'''
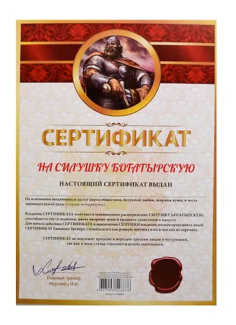 Сертификат на силушку богатырскую (SP0000009) (Мастер)
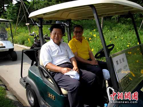 來(lái)自臺(tái)灣原海軍副總司令官沈方枰中將與大陸的海軍東海艦隊(duì)原司令員趙國(guó)鈞中將同為一組打球的兄弟,看到記者拍照,沈方枰中將對(duì)記者表示“來(lái),給我們兄弟來(lái)一張。”(完)
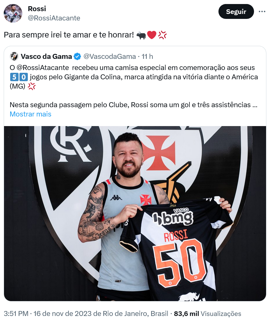 Rossi agradece homenagem pelos 50 jogos no Vasco: 'Para sempre irei te amar e te honrar!'
'''
From the line containing "來(lái)自臺(tái)灣" to the last line of the listing above, transcribe each line exactly, skipping the pictures.

 來(lái)自臺(tái)灣原海軍副總司令官沈方枰中將與大陸的海軍東海艦隊(duì)原司令員趙國(guó)鈞中將同為一組打球的兄弟,看到記者拍照,沈方枰中將對(duì)記者表示“來(lái),給我們兄弟來(lái)一張。”(完)
 Rossi agradece homenagem pelos 50 jogos no Vasco: 'Para sempre irei te amar e te honrar!'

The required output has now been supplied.